Farmland prices in England rose by 5.4pc in the first quarter of this year to £5,397/ac (€6,441/ac), according to the quarterly survey, the Knight Frank Farmland Index.
This is the highest level recorded by the index and land prices are expected to increase further by the end of this year.
Comparable land prices for March last year and March 2008 were £4,673/ac (€5,573/ac) and £4,621/ac (€5,511/ac).
The findings of the British survey stand in stark contrast to the land market here at home, where prices have fallen by more than 50pc since the height of the boom.
“The strong performance of the English farmland market that we saw at the end of the last decade has continued this year,” said Andrew Shirley, head of rural land research at Knight Frank.
“Average prices have risen by 5.4pc to £5,397/ac so far this year and we predict they could rise by a further 10pc during the rest of this year,” he said.
“A shortage of farmland for sale, combined with demand from investors and overseas buyers, has helped to ensure values continue to rise,” he added.
According to the survey, demand over the past 12 months has increased by 10pc, while supply has fallen 13pc.
“Investors, including those from overseas, are becoming more active in the market and, along with lifestyle buyers, accounted for virtually all of Knight Frank’s farmland sales so far this year,” confirmed Mr Shirley.
There appears to be no distinct pattern regarding overseas buyers.

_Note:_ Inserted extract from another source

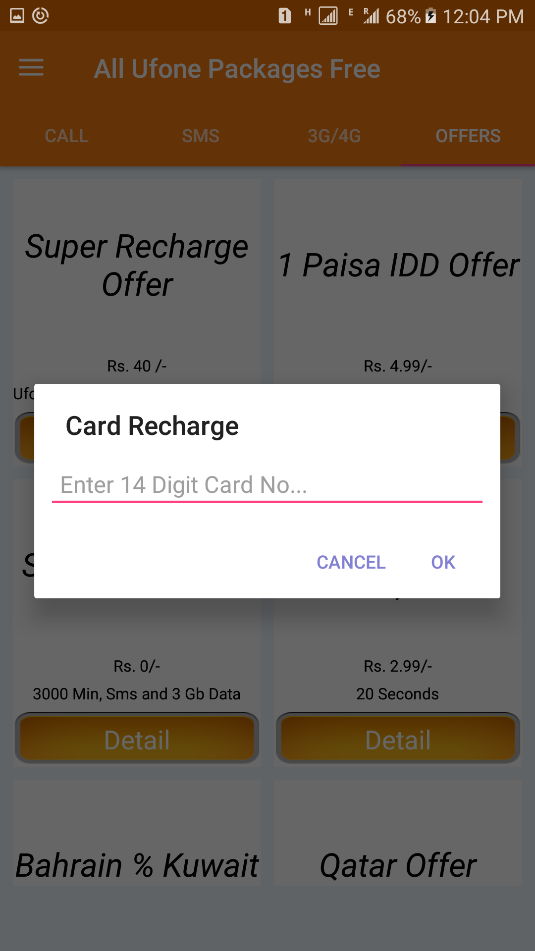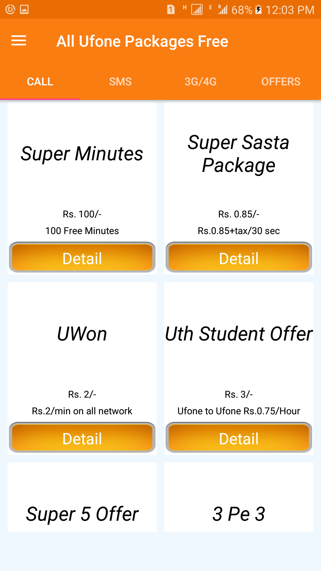 All Ufone Pakistan app provide all Packages information’s containing Sms, Call, Internet 3G,4G and international offers and other offers like Sim lagao offer. User can easily find the information about all types of Ufone offers. It also provide remaining sms, minutes, internet , account balance. You can recharge card by just one click. Someone can subscribe all packages by just clicking the desire package. Ufone Packages 2019 are free and Updated. All Ufone packages and bundles are updated regularly.It Contains All detail , price, validity and codes of Packages. Free Packages Free whatsapp Free facebook You can find following Ufone packages and offers information in this app: • Sim Lagao Offers • Internationals Offers • Ufone 3G Packages • Ufone 4G Packages • Ufone Internet Packages and net offers • Ufone SMS Packages • Ufone Call Packages and bundles All Ufone Offers: Power Hour Asli Chappar Phaar Offer Daily Pakistan Offer Beyhisaab Offer Super Minutes New offers Super Recharge Offer Mini Super Card Super Card Super Card Plus Super Load Daily Package DAILY CHAT International SMS Bucket Unlimited Package Yearly SMS Package Weekly SMS Bucket 45 Day SMS Bucket 2-in-1 SMS Offer Unlimited SMS Bucket SPECIAL DAILY DAILY LIGHT MEGA INTERNET SOCIAL DAILY 3 DAY BUCKET WEEKLY LIGHT SUPER INTERNET WEEKLY INTERNET PLUS MONTHLY LIGHT MONTHLY HEAVY SOCIAL MONTHLY Now, you don't need to remember tough and complicated packages subscription codes and their details.You have to install All Ufone packages free app once, and you will have information about all latest packages in your hand without any additional Internet connection. These packages consist of Hourly, Daily,weekly,monthly and yearly offers, also consist of other prepaid offers and postpaid offers. Free Packages that are offered by Ufone are also available in the app according to Ufone policy. It Provide Services offline. Its contains Sudia Arabia, Bahrain,India,UAE, Afghanistan, UK,USA,Canada,France, Spain,Iraq,Iran and other Internationals Packages. Download and enjoy and Say Tum he to Ho.

“Unlike the last decade when we saw large numbers of investors and farmers from Ireland and Scandinavia in the market, buyers this year have, so far, come from countries covering three different continents,” said Mr Shirley.
There are some signs that the English market could accelerate further this year, with a distinct increase in the number of enquiries from potential sellers since the UK general election last month.

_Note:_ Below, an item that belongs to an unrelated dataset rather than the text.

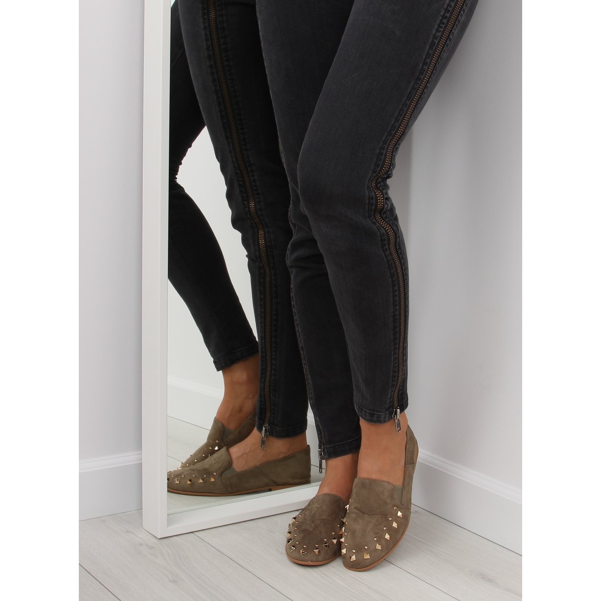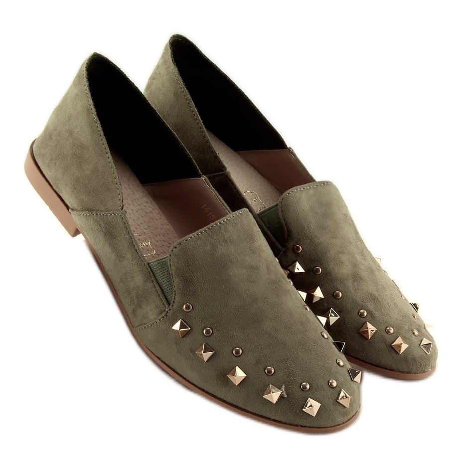 Les mocassins Lords à clous verts 1415 Green sont un choix idéal pour les femmes qui souhaitent allier confort et style unique. Fabriquées en daim écologique unique, ces chaussures attirent l'attention par leur aspect original, grâce aux clous décoratifs et aux strass qui leur confèrent un caractère moderne.

According to estate agent Tim Howard, from Howkins & Harrison, in Warwickshire, sellers put the brakes on prior to the May 6 election.
“The election caused a lot of people to think twice about marketing their property,” he claimed.
“Since then we have had more calls about selling farms,” he said.
As for buying agricultural land, demand still remains high.
“Finance for agricultural land, while hard to obtain in terms of the legal process, is still very cheap to borrow,” he added.